# 1/35 Danger! UXB Diorama



## Owen E Oulton (Jan 6, 2012)

Well, for the past couple of weeks I've been working on a small 20 cm x 16.5cm diorama based on the 1979 British ITV show Danger UXB, following the exploits of a Royal Engineers bomb disposal unit around London during the Blitz. I started out with a block of 50mm pink XPS insulation foam, cut out the excavation for the bomb disposal procedure, clad the sides with .080 styrene and covered the surface with a thin layer of Celluclay. I added the planking on the excavation with coffee stir sticks and built up the spoils heap from the excavation with a block of pink XPS cut and sanded to shape. I added sidewalks made from Readi-Board foamcore with the paper removed (Readi-Bord, available in Canada at Dollar Tree stores has a weak glue making stripping the paper off very easy). I used half an Italeri Park Gate (#412) kit and a section of wrought iron fence from Mini-Art's Bricks Pavement (#36048). The 250kg German bomb was made from a plastic model of a 9mm Parabellum bullet from an old LS 1/1 scale Mauser C96 Broomhandle pistol, a length of 10mm styrene tube and some .010 sheet styrene with a little Aves and lift rings from an Academy M3A1. It matches period photos exactly. For the tripod the Royal Engineers used to extract the bomb, I cannibalised an engine hoist from Italeri's 1/35 Field Tool Shop (#419) and used some white cord for the rope. Various plastic crates from my spares bin and tools from the Tool Shop kit round out the scene. I used variety of figures from various Tamiya kits for the Royal Engineers crew. I've mostly completed the scenic base and am ready to paint the figures. When I get it done, I'll post a bunch of pics, as I have a new camera.


----------



## Owen E Oulton (Jan 6, 2012)

Well it's at times like these you know who your friends are. Yesterday I sent my buddy Cal an eMail asking if he could pick up some supplies for me; i.e. a bottle each of MBS solvent cement and Insta-Set as well as a sheet of railroad grass mat. I expected to have to wait until the weekend or next, but this morning I got an reply saying if I could message the store and have the stuff waiting he'd do it today on the way hove from work. Just got the stuff and it's full steam ahead.

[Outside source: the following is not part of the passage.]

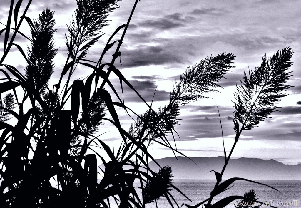 At other times of the day – at dawn and dusk, the peninsula solidifies flatly; a woodcut; or a paper chain of tumbled rhomboids; cardboard cut-outs. Often there is a train of frothy cloud overhead. It looks like whipped meringue.

The railroad grass was part of a minor revision of the design. The Celluclay didn't look just right, so I decided to make it look more park-like. I stripped off the Celluclay and cleaned the underlying pink foam before laying down a fresh layer of Readi-Board foamcore preparatory to placing the railroad grass mat. This will give the appearance of well-tended a park lawn in the early days of the bombing. I'm also adding a wrought-iron park bench from the Mini-Art kit. I was looking through a King & Country catalogue for ideas as they have a 1/35 scale Danger! UXB line of figures and a picture of one showed a Bobby holding a Danger! UXB warning sign. It was just the right size and in full colour - a head-on shot - so I very carefully trimmed it out with a #11 blade and a straight-edge. The image still showed the fingers of the figure holding it, but with the #11 I carefully scraped the gloss coating off the paper and the dots of the ink came with it, leaving a perfect sign to put on the pillar of the gateway.


----------



## Milton Fox Racing (May 27, 2014)

Yea Cal! 🤙


----------



## Owen E Oulton (Jan 6, 2012)

Well, the Bronco War Correspondents set I ordered came in and I've decided to replace the field telephone operator I'd planned on using for this dio with one of the photographers from that set. I also added a bunch of sods from where they dug the excavation by using small rectangles of the grass mat glued to brown felt. Looks good, just like the landscapers used on the lawn next door in summer 2019. I lined the fence with some Woodland Scenics clump foliage to represent a hedge.


----------



## Owen E Oulton (Jan 6, 2012)

Well, I've decided which photographer figure to use: Figure E - Sgt Gordon D. Petty, Canadian Forces Photographic Unit, Hoogerheide, 1944 with the helmet replaced by a beret. Note that the kit reproduces the Bell and Howell Eyemo ‘cine’ camera beautifully, but the helmet supplied is the MkI/II "Brodie"-style helmet instead of the MkIII in the photo, and the figure wears a plain battle dress tunic without the rain jacket. Just what the doctor ordered!








Library and Archives Canada photo (left) - Bronco box art (right)


----------